Jangan Cari Tarsius Lewat Pukul 9 Malam, Ini Alasannya

Arsel Community pengelola Bukit Peramun saat memotret tarsius yang ditemukan pada Selasa (21/8/2018) malam - Bangka Pos / Adelina Nurmalitasari

Laporan Wartawan Pos Belitung, Adelina Nurmalitasari

BANGKAPOS.COM, BELITUNG - Mencari tarsius dikatakan Adong, Ketua Arsel Community pengelola Bukit Peramun memang untung-untungan.

Kadang primata terkecil di Indonesia ini mudah ditemukan, kadang pula membutuhkan waktu yang cukup lama.

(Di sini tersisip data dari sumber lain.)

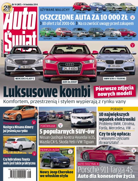 Luksusowe kombi – komfortem, przestrzenią i stylem wypierają z rynku vany – pierwsze zdjęcia nowych modeli; oszczędne auta za 10 000 zł – 10 ofert z lat 2001-06, na co zwrócić uwagę przed zakupem; 5 popularnych SUV-ów – Nissan Qashqai kontra Hyundai ix35, Mazda CX-5, Skoda Yeti i VW Tiguan; 10 największych wpadek elektroniki – problemy BMW Citroena, Forda, Mercedesa, VW; następca Nissana Almery już jesienią na rynku – odkąd w 2006 roku zakończono produkcję Almery, Nissan nie miał typowego przedstawiciela w klasie C; Jeep Cherokee – średniej wielkości SUV-y to obecnie jeden z największych fragmentów rynku 4x4, Cherokee przekonuje m.in. własnościami terenowymi.
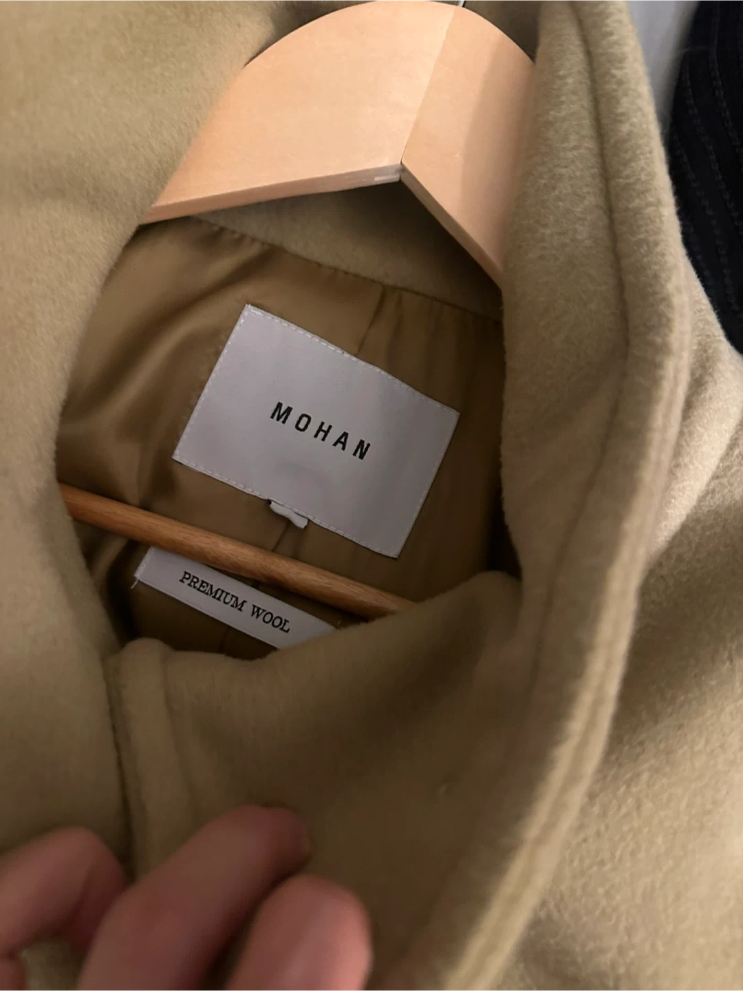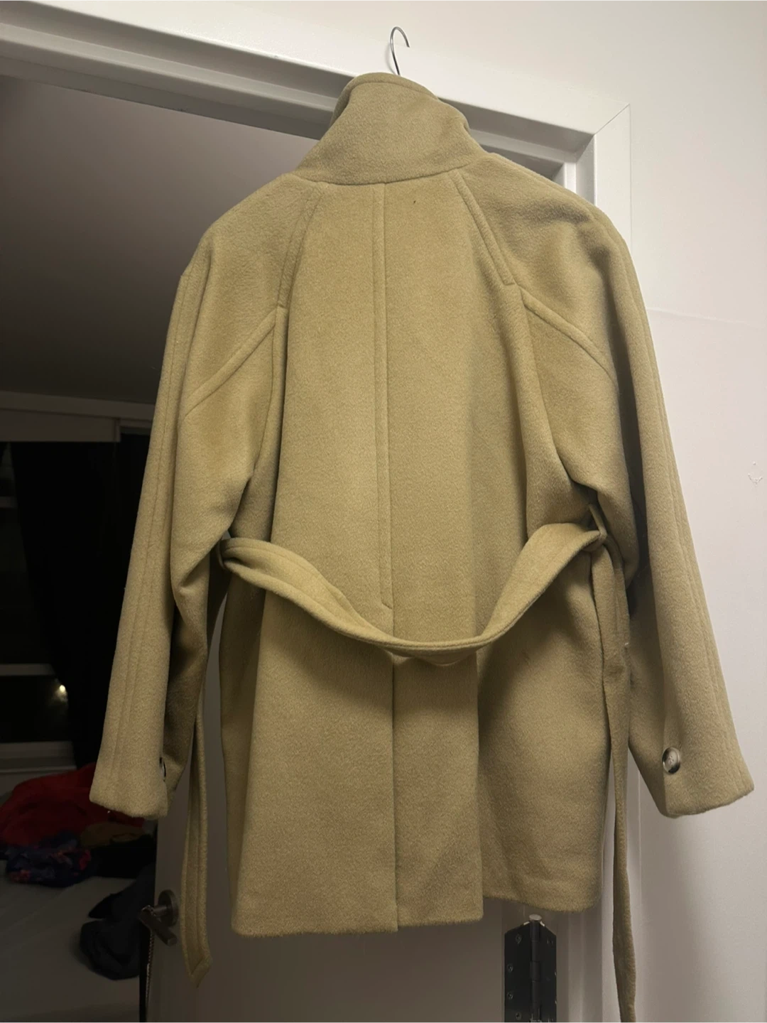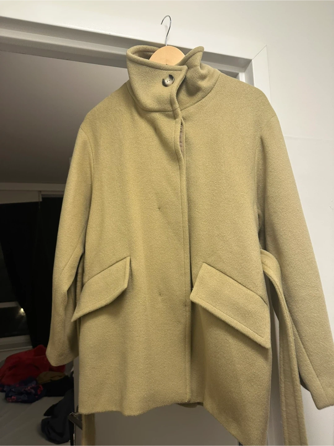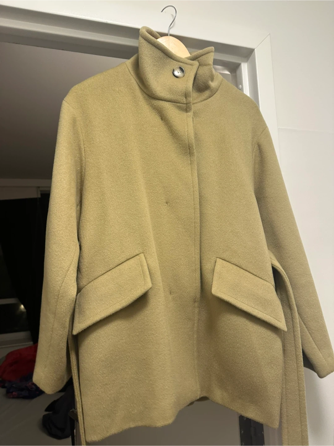 MOHAN premium wool coat. This stylish belted coat features a unique stand-up collar and front flap pockets. It's made from soft, high-quality wool. Perfect for cooler weather!

Menurutnya pencari tarsius paling baik mulai dilakukan sekitar pukul 18.30-19.00. Karena biasanya hewan tersebut akan mencari makanan sehingga hanya berjarak 1-2 meter dari permukaan tanah.

Berdasarkan pengalamannya, sekitar pukul 21.00 malam, tarsius akan mulai naik lebih tinggi ke dahan pohon sehingga lebih sulit ditemukan.

Sesekali wisatawan yang datang memang tak dapat melihat primata ini. Namun menurutnya dari sekitar 20 kali pencarian paling hanya sekali tak ditemukan.

"Jadi bisa dibilang jarang tidak ketemu," katanya pada Selasa (21/8/2018) malam.

Selain itu, tarsius juga akan sulit ditemukan jika cuaca hujan pada siang harinya. Karena serangga seperti jangkrik yang menjadi makanannya juga tidak ada.

Saat paling baik buat menemukan primata bergigi tajam ini pada September-Oktober, saat musim kawinnya. Sehingga tak jarang ketika ditemukan tarsius sedang berpasangan.

Buat berwisata malam mencari tarsius di Bukit Peramun tak bisa dilakukan setiap malam. Pengelola membatasi wisata ini tiga kali dalam seminggu. Adong mengatakan ini dilakukan juga agar tarsius tetap terjaga dan tidak pindah ke tempat lain.(*)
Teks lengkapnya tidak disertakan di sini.